• Task brief:
Please repeat the lines below, exactly and only, from the one that holds "用箱壓、搓成波子的做法製作壽" through the one that holds "また、活け〆真鯛やあさりなど".

• Information:
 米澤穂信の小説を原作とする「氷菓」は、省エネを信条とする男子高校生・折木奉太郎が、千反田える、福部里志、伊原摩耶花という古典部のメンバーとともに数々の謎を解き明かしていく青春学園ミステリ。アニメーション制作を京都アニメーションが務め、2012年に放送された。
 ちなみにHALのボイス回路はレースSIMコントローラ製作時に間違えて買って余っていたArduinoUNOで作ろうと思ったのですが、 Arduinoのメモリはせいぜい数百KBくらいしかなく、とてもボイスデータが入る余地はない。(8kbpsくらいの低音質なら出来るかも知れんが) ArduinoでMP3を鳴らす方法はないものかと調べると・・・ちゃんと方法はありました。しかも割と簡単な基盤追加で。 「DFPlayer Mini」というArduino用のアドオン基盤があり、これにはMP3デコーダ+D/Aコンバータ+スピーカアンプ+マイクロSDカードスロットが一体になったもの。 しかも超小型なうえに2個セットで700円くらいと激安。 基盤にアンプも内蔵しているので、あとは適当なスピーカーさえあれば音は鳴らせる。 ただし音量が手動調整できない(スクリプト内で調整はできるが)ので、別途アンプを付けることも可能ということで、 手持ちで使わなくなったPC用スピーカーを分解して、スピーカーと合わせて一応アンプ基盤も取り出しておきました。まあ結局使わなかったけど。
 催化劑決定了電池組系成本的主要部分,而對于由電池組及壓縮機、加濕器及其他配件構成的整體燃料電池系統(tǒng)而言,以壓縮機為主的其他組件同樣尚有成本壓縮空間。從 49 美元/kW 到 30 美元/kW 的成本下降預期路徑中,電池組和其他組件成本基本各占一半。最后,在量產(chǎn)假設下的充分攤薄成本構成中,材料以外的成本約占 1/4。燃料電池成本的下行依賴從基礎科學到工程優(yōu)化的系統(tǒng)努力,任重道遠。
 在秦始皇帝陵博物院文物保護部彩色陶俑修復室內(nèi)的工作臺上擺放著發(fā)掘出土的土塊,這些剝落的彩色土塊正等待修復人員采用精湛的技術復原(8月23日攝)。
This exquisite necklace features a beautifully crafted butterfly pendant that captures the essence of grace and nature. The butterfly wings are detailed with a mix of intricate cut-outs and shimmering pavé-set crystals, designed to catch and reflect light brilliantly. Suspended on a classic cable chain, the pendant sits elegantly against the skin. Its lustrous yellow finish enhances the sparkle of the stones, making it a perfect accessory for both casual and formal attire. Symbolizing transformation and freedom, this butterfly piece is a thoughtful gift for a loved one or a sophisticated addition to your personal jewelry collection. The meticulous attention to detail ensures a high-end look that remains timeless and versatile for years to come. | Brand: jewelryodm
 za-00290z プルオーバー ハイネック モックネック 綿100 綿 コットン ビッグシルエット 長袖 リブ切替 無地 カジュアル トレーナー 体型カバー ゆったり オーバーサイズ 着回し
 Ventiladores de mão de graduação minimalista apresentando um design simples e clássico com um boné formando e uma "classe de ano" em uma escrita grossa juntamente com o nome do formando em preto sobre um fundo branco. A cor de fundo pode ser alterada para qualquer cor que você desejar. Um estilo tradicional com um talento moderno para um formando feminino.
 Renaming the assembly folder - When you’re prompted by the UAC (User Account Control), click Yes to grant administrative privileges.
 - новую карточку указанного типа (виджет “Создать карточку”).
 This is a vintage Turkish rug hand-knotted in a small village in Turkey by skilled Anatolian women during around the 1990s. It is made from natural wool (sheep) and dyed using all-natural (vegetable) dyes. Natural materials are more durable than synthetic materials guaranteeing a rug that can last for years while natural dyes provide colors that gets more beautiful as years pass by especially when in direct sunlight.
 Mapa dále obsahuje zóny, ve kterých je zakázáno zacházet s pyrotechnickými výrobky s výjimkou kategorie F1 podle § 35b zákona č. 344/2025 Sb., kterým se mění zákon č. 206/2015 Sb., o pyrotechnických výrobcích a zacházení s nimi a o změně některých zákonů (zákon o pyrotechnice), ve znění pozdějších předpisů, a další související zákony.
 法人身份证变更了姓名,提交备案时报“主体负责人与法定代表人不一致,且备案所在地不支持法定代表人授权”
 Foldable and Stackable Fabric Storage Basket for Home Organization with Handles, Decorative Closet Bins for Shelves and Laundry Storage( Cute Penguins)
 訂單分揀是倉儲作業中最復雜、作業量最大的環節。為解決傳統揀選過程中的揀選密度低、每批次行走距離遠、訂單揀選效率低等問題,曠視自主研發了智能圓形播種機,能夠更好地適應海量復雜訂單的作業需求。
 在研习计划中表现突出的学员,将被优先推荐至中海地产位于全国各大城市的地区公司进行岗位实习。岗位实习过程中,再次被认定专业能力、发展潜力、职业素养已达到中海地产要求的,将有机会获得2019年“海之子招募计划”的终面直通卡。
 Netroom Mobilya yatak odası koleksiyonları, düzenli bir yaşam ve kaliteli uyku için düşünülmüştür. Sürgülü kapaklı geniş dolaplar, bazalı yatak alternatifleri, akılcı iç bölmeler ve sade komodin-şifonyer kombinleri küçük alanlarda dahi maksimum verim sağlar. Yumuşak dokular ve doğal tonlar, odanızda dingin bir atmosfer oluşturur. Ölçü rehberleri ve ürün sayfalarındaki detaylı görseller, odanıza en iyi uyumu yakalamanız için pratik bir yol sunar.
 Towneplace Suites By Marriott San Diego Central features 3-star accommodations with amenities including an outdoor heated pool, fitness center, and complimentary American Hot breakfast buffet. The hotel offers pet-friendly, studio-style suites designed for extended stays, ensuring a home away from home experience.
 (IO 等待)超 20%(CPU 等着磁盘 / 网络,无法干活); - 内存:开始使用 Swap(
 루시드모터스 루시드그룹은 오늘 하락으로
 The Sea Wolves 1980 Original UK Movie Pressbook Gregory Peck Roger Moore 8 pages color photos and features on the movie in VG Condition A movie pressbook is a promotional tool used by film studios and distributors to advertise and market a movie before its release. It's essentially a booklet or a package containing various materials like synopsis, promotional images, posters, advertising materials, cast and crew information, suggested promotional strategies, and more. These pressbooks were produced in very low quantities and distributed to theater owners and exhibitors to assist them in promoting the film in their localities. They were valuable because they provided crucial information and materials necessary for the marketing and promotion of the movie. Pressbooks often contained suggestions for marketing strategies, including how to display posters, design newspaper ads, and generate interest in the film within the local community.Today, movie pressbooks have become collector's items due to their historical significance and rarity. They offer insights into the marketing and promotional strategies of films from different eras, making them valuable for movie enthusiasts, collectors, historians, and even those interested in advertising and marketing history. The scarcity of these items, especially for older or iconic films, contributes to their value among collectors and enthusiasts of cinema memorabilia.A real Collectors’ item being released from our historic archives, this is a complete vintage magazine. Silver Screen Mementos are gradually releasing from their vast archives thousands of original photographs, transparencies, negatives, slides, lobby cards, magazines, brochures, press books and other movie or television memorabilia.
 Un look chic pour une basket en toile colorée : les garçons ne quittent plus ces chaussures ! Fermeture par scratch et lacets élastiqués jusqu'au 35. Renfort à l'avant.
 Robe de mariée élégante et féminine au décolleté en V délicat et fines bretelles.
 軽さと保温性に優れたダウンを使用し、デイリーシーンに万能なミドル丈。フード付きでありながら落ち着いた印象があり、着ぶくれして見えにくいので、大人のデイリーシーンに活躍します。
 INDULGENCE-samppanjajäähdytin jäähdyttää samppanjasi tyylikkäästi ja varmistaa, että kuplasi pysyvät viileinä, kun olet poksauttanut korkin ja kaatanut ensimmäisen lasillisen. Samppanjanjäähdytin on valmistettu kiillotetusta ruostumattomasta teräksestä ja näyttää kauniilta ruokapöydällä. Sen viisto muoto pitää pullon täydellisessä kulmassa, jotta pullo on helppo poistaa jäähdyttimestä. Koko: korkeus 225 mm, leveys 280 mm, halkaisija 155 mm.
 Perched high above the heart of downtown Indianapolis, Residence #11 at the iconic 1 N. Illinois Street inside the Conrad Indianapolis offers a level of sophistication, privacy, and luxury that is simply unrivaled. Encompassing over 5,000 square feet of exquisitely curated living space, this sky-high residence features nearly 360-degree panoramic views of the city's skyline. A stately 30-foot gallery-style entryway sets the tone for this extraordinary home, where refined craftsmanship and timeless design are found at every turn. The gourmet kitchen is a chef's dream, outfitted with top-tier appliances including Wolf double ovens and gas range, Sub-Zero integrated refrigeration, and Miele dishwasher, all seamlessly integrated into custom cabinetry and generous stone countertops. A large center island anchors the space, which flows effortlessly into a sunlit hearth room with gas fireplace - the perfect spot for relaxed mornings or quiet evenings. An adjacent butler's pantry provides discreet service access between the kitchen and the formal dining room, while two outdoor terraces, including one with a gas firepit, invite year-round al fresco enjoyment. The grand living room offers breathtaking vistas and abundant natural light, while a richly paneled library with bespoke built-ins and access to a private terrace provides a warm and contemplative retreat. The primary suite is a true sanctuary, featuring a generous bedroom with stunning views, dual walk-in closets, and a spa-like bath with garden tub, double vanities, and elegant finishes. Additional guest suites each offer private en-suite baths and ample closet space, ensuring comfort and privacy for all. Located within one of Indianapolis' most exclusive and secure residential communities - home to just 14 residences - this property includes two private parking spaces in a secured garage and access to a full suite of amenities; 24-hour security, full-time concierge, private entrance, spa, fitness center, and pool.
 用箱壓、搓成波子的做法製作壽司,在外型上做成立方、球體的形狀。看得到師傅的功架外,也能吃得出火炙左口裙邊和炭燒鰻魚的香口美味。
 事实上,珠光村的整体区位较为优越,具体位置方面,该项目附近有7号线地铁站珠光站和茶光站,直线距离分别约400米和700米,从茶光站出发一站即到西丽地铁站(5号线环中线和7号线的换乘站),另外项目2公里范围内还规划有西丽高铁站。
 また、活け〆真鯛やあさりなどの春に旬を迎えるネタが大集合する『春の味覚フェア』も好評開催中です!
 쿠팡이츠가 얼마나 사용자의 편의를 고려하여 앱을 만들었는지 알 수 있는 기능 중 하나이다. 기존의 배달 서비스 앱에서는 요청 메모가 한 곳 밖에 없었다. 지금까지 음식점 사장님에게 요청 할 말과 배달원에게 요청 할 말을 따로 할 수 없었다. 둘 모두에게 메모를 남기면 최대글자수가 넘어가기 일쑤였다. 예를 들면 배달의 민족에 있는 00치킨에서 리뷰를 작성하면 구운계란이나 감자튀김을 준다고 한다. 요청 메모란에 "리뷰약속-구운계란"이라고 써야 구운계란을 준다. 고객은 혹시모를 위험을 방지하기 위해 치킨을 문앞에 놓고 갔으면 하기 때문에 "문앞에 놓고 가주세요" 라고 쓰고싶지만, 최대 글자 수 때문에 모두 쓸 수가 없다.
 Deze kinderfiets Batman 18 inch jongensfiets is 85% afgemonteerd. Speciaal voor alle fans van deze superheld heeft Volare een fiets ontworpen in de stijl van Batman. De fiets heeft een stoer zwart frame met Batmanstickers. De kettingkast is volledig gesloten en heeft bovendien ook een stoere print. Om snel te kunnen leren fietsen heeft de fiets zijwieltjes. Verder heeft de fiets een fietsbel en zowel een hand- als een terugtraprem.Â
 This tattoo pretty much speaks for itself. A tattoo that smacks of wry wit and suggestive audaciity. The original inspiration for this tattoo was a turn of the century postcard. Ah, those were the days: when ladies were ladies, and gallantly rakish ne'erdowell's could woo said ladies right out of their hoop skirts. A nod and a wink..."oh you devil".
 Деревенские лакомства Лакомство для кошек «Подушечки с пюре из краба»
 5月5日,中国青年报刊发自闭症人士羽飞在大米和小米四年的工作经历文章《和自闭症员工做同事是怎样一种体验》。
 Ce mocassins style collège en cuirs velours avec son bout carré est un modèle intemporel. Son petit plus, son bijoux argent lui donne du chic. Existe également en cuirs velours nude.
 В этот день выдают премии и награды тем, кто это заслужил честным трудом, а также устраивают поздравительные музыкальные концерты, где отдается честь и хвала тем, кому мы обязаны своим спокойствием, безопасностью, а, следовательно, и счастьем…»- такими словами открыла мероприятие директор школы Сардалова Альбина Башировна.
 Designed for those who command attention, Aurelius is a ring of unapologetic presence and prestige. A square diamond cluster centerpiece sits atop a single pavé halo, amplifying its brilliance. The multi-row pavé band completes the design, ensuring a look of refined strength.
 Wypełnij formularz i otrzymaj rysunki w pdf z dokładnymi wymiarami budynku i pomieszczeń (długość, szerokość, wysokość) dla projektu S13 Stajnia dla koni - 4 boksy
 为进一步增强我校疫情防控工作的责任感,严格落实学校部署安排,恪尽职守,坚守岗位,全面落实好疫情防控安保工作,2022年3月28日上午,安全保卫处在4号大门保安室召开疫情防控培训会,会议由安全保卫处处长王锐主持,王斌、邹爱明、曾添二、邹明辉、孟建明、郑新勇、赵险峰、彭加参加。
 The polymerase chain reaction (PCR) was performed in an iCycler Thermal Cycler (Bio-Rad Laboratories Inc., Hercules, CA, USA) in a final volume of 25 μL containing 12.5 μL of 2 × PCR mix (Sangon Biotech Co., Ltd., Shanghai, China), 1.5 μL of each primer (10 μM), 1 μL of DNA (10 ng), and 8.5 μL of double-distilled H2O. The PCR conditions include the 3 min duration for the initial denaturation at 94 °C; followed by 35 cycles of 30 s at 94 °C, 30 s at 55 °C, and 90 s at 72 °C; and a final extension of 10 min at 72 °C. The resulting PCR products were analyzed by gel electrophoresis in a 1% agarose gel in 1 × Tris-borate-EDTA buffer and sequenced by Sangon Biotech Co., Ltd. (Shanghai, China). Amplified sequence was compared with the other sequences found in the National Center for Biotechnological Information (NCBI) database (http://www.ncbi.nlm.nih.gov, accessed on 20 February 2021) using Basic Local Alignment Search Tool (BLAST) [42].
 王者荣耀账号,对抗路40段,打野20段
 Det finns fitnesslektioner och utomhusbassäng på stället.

• Written solution:
 用箱壓、搓成波子的做法製作壽司,在外型上做成立方、球體的形狀。看得到師傅的功架外,也能吃得出火炙左口裙邊和炭燒鰻魚的香口美味。
 事实上,珠光村的整体区位较为优越,具体位置方面,该项目附近有7号线地铁站珠光站和茶光站,直线距离分别约400米和700米,从茶光站出发一站即到西丽地铁站(5号线环中线和7号线的换乘站),另外项目2公里范围内还规划有西丽高铁站。
 また、活け〆真鯛やあさりなどの春に旬を迎えるネタが大集合する『春の味覚フェア』も好評開催中です!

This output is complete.